Hannah, a Shippensburg University MBA candidate seeking a position with a certified public accounting firm, said that while she has not yet had much direct experience with AI in the hiring process, she has concerns over the growth of its use by employers. Like Oliver, she asked that only her first name be used.
“If they did start using AI, then I’d feel like I would have to go through and really take out certain keywords from the description of the job for me to actually have a good shot of my resume being selected,” she said. “There is a lot of room for error in my opinion using AI, and it’s just overall better to use humans.”
Oliver contends employers “are not even being smart” about their use of AI in hiring. “These are really high-tech firms and they don’t even care.
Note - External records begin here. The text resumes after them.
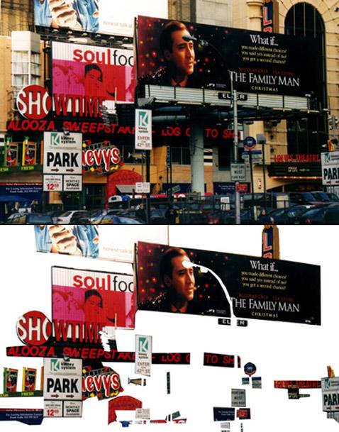 Здание, которое не может быть покрыто рекламными щитами, используется как-то по-другому в том же коммерческом царстве. Это приводит к ситуации, в которой почти каждое здание в городе может быть некоторой формой рекламы", — заключает Пази.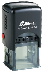 Textové samonamáčecí razítko s klasickým designem v černé barvě s transparentním spodním dílem. K razítku je možné si vybrat z pěti barevných polštářků (černý, červený, modrý, fialový, zelený) nebo polštářek suchý.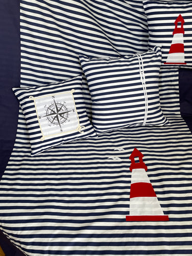 Maritime Patchwork Decke, Tagesdecke, Kinderdecke, Bettüberwurf, blau/weiß 130cm x 200cm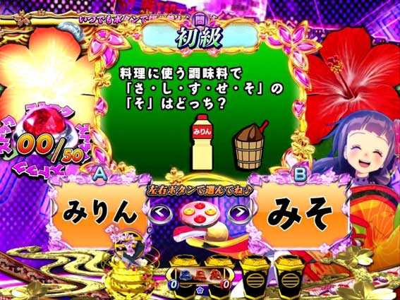 クイズが出題されたら左右キーで答えを選択しよう。なお、問題の難易度は基本的に「初級~神級」(液晶上部に表示)だが、「ぷれみあむ」なら確変大当り濃厚!?
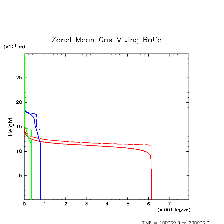 凝結成分気体混合比の水平・時間平均(赤: H2O, 緑: H2S, 青: NH3)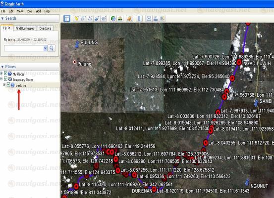 | |  | |  | | | Tampilan POI dan Track setelah dibuka di Google Earth | |  | |  |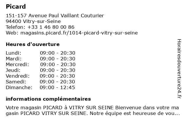 Votre magasin PICARD à VITRY SUR SEINE Bienvenue dans votre magasin PICARD VITRY SUR SEINE. Notre équipe est heureuse de vous accueillir et pourra vous conseiller avec professionnalisme et en tou...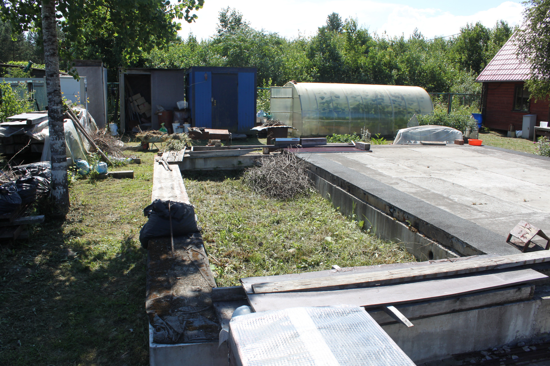 Далее был задуман и представлен в свет фундамент под дом. Причём дом задумывался душевный, не маленький в высоту, поэтому фундамент был выполнен не только на совесть, но и по нагрузкам под трёхэтажный каменный дом. Глубина залегания его составляет 1.8 метра. Выполнен он как "пятистенок" с дополнительной перемычкой под камин и возможностью устройства зимнего погреба. Ну или если кому приспичит в нынешних реалиях - подземного бункера. Размером дом затевался - 8 х 9 метров с двумя выносами - под тёплую веранду 2.7 х 6 м и навес под автомобиль - 4 х 6 метров. Под эти выносы и навес забетонированы монолитные железобетонные столбы глубиной заложения как и фундамент дома - 1.8 метра. Фундамент сей, равно как и дровеник с беседкой внесены в земельные планы ПИБа. На начало 23 года стоимость устройства такого фундамента оценивается более чем в 1.5 лмн рубликов.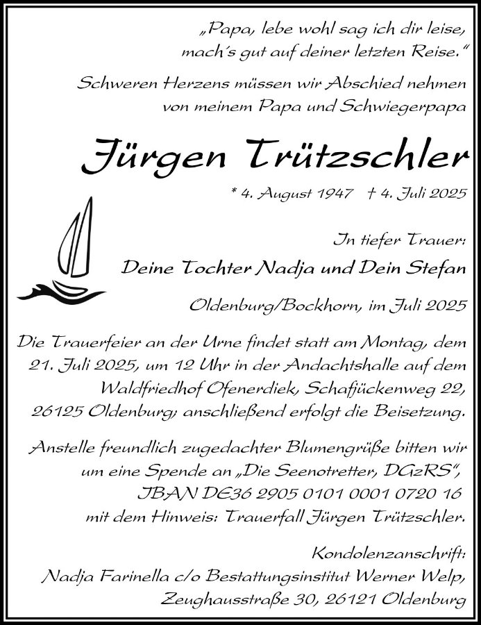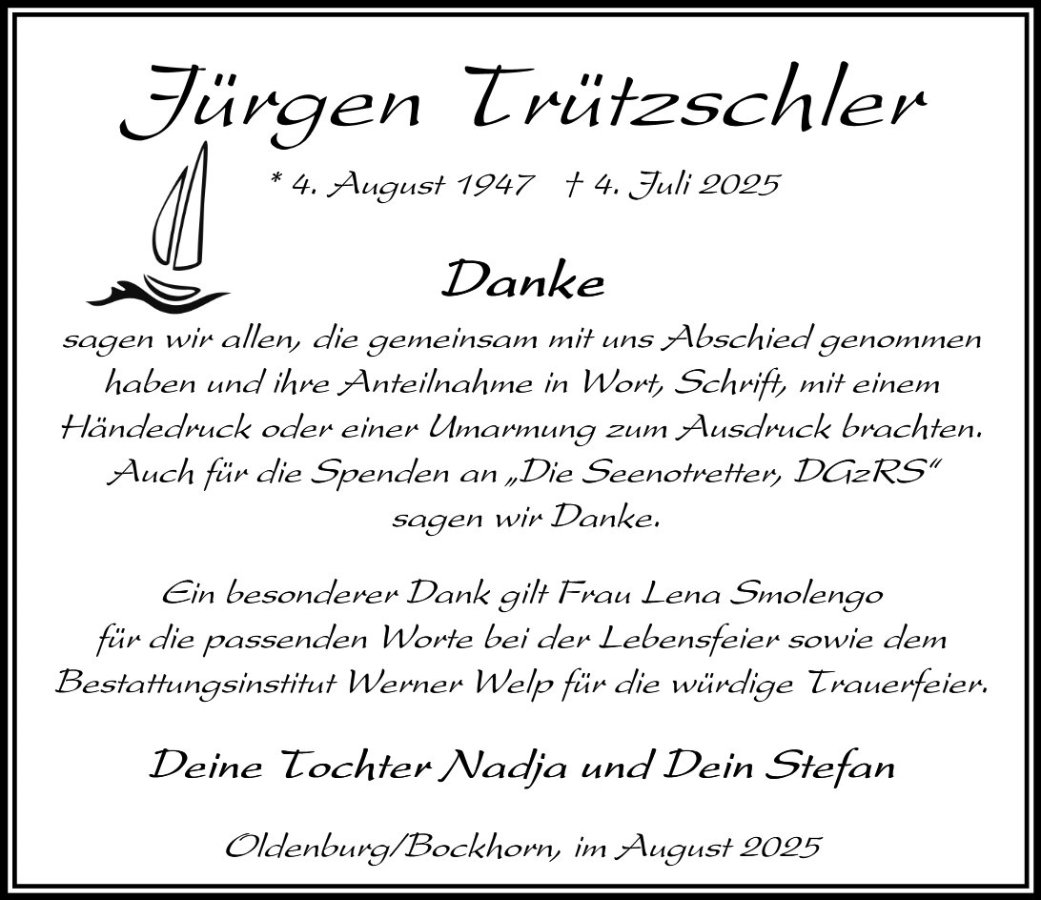 in diesen Tagen fühlen wir mit Ihnen und wünschen Ihnen von Herzen, dass Sie aus den glücklichen Erinnerungen Kraft schöpfen, um positiv in die Zukunft zu gehen. Diese Gedenkseite möge Ihnen dabei helfen, Ihre Trauer zu teilen und das Andenken gemeinsam wachzuhalten.

It’s like we are just values or numbers.”
Yet students are using AI more to draft their own resume and cover letter from scratch, which companies are becoming wise to by using their own applicant-tracking software, according to an April 2025 Harvard Business Impact piece by Marlo Lyons.
Lyons advises students to limit their use of AI tools in applying for internships and jobs to aligning their already drafted resume with keywords for specific careers.
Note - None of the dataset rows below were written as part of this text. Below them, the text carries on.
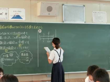 分数で表された割合の数を含む数量の関係をとらえて答えを求める学習でした。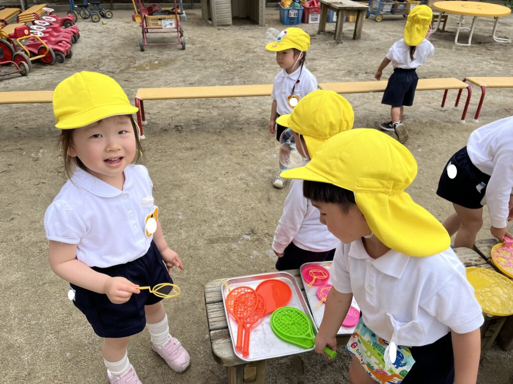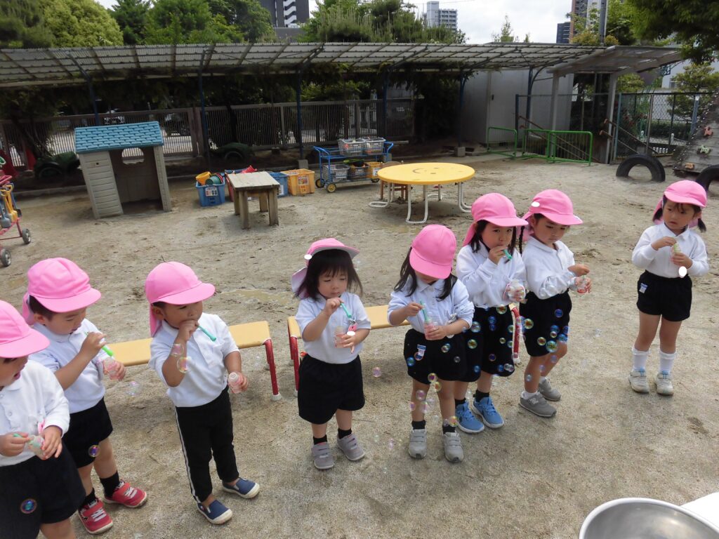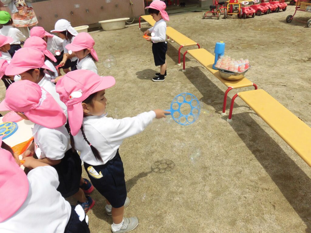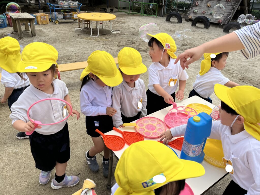 最後は大きな道具を使って思い切り楽しみました♪また一緒にシャボン玉で遊ぼうね♪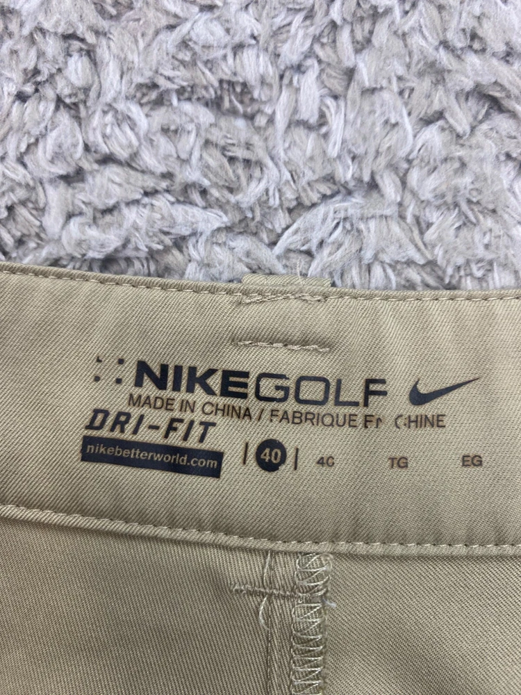 Material: Polyester Occasion: Casual, Travel, Workwear Pattern: Solid Rise: Mid (10-12 in) Color: Beige Closure: Button Fabric Type: Microfiber Features: Stretch Theme: Preppy Front Type: Flat Front Size: 40 Department: Men Brand: Nike Pocket Type: Slash Pocket Waist Size: 40 in Accents: Button, Embroidered, Logo, Zipper Size Type: Regular Fit: Regular Fabric Wash: Medium Inseam: 12 in Style: Chino

The advice Rahman gives his students who are frustrated over AI sounds like the tried-and-true approach that has been around long before people started applying for jobs online.
He urges students to build relationships with local employers by going to job fairs and attending networking events, such as those set up through the career center at many local colleges and universities.
These encounters provide opportunities for students and prospective employers to meet face to face. Employers volunteer their time to come to classes at the university. Besides providing feedback to the students, these personal connections can lead to employers inviting students to apply for internships or jobs.
The career center also holds mock interview sessions to increase students’ confidence and prepare them for the real deal.
Employers have a vested interest in wanting to hire locally, Rahman said.
“They want to invest in employees who are going to stay here for a long period of time. They want those employees to go through the ranks and invest in the company and invest in the local community as well.”
One large area employer that says it does not use AI in its hiring process is Members 1st Federal Credit Union. The Enola-based company, with many branches in the Greater Lehigh Valley area, has 1,290 employees – known as associates – throughout the state, said Christy Pavlakovich, chief operating officer.
At Members 1st, human interaction is key to the hiring process because human interaction is what most Members 1st associates will spend their workday doing, whether in person at one of the company’s 59 branches, or on the phone.
Not using AI to review or screen applicants is “intentional” at Members 1st, Pavlakovich said.
“The human piece of our culture is critical,” she said. “Screening and interviewing for a cultural fit requires human interaction, it requires talking to people, and we have aligned our processes to make sure that is how that works for us.”
Asked if she sees Members 1st eventually incorporating AI into is hiring process, Pavlakovich said that depends upon how AI evolves.
“If there is a model we can test and trust to have the integrity that exists in our current practices, we would lean into that,” she said. “But we will not sacrifice that cultural piece that we look for, we will not sacrifice that in our interview process just for the sake of going through resumes quicker.”
Members 1st has hired 101 new associates through March 31 of this year. The number of associates working for Members 1st has grown by nearly 7 percent since 2023, Pavlakovich said.